Mrs Robertsons complaint has led to training for nurses.
Mrs Robertsons complaint has led to training for nurses.

A blind Angus pensioner’s complaint to the NHS following her husband’s death has led to training for nurses.

Wilma Robertson (76), from Forfar, who is registered blind, lost her husband William in July last year when he succumbed to pneumonia.

During eight weeks of visits to his bedside at the town’s Whitehills Medical Centre, Mrs Robertson was dissatisfied with how she was treated by staff.

After her husband’s death she made an official complaint to management and the head nurse on the ward quickly arranged for representatives from Deafblind Scotland to provide staff training.

Mrs Robertson was invited back to the centre to attend the presentation but remains adamant she does not want to return to the site.

She said: “The nurses were not helpful. When I asked how my husband was, I was told: ‘I don’t know’.

“I had problems with the washing and I was getting my husband’s clean washing to take home. There was not always someone to sign me in and they are always suppose to sign somebody in.

“This is the 21st century and it seems they had no idea how to deal with blind or deaf people.”

Mrs Robertson used to run a B&B in Forfar’s West High Street and began to lose her sight around three years ago. She said staff across the NHS in Tayside often do not seem to realise that blind people and those with other disabilities can require extra assistance.

“I get a lot of help in the supermarket and shops when people see me in Forfar. The one place I get no help is in doctors’ surgeries and hospitals.”

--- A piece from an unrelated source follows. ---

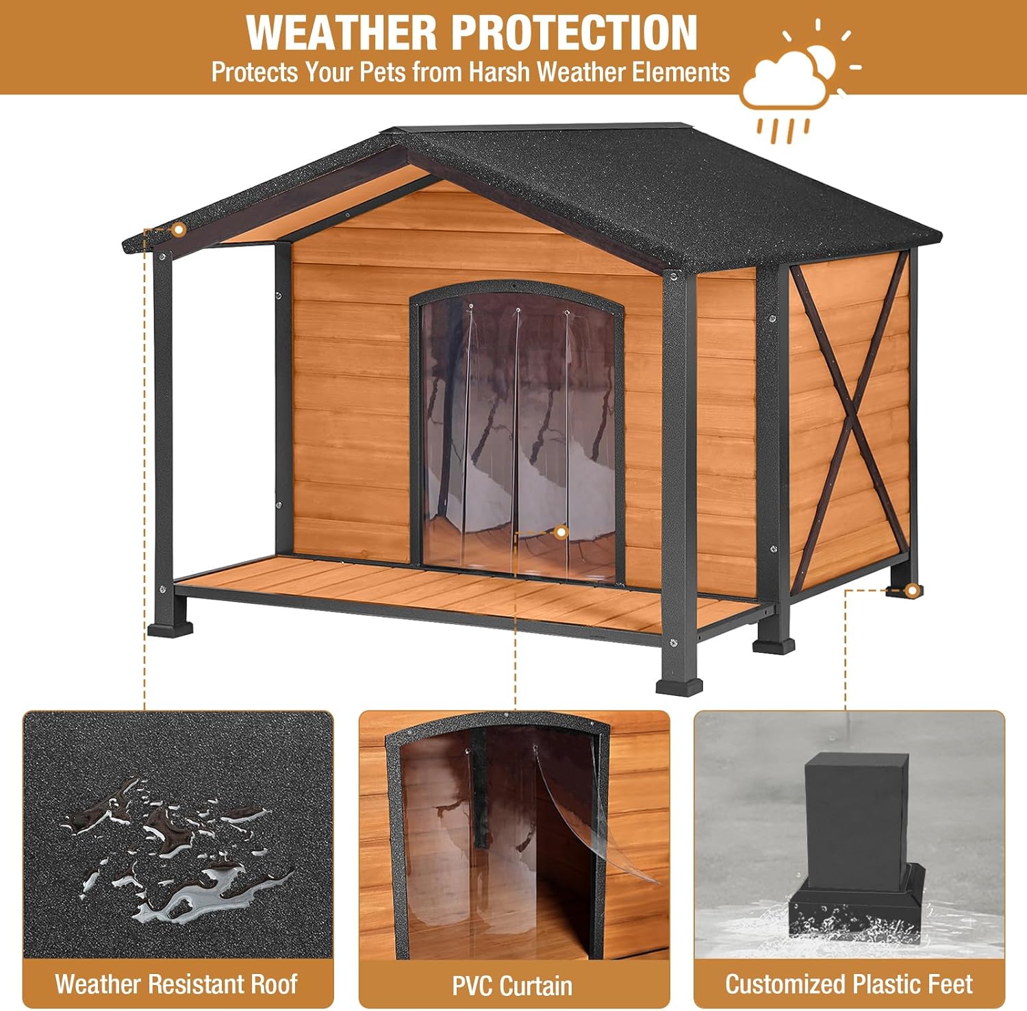 • 【Weather & Water Resistant】Cabin Dog house with security waterproof paint, raised floor with customized plastic waterproof feet pad & asphalt roof & high quality curtain provide protection from the elements and keep the cabin comfortable & dry.

An NHS Tayside spokesperson said: “Improvements to services are part of NHS Tayside’s usual business. Improvements for people who are visually impaired currently have input from groups including the Centre for Inclusive Living and the Royal National Institute of Blind People (RNIB).

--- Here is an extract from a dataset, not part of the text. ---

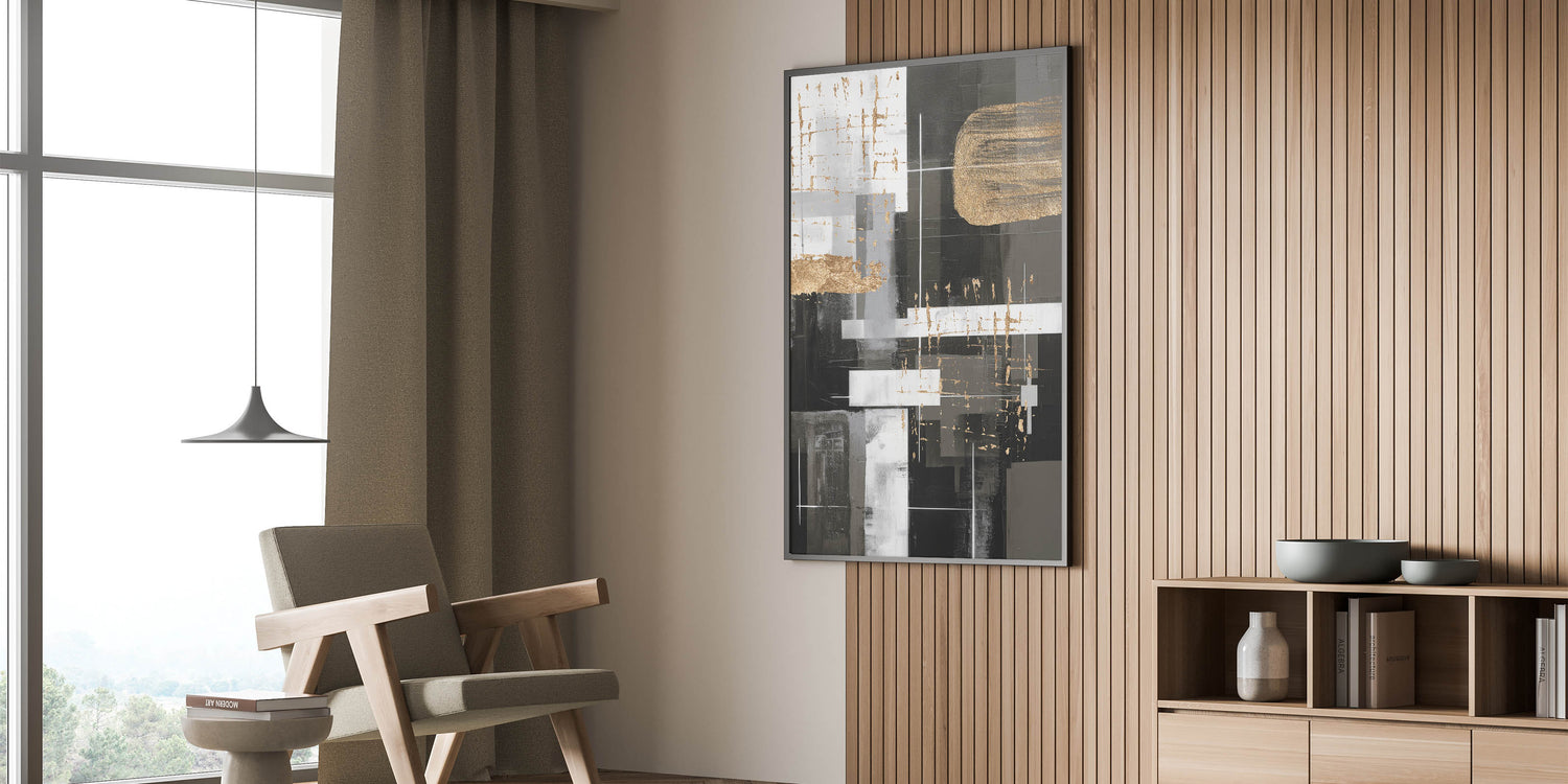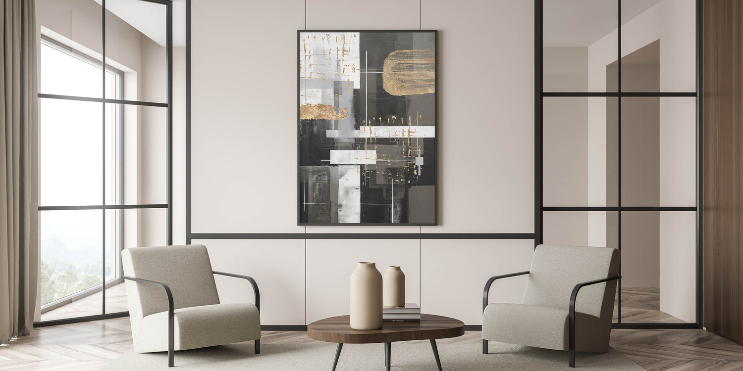 Elegant Geometric Modern Abstract Wall Art - Black, White, Gold Canvas

“NHS Tayside also have Vision Support Officers and other healthcare professionals involved in improvements, which are focusing on obtaining more patient feedback and the use of symbols to identify people who are visually impaired.”

A spokesman for Deafblind Scotland said that today’s society expects people living with sensory impairments to be offered the same access to information and support as anyone else.

He said: “It is encouraging that the complaint process has resulted in action which will prevent this situation arising in the future.”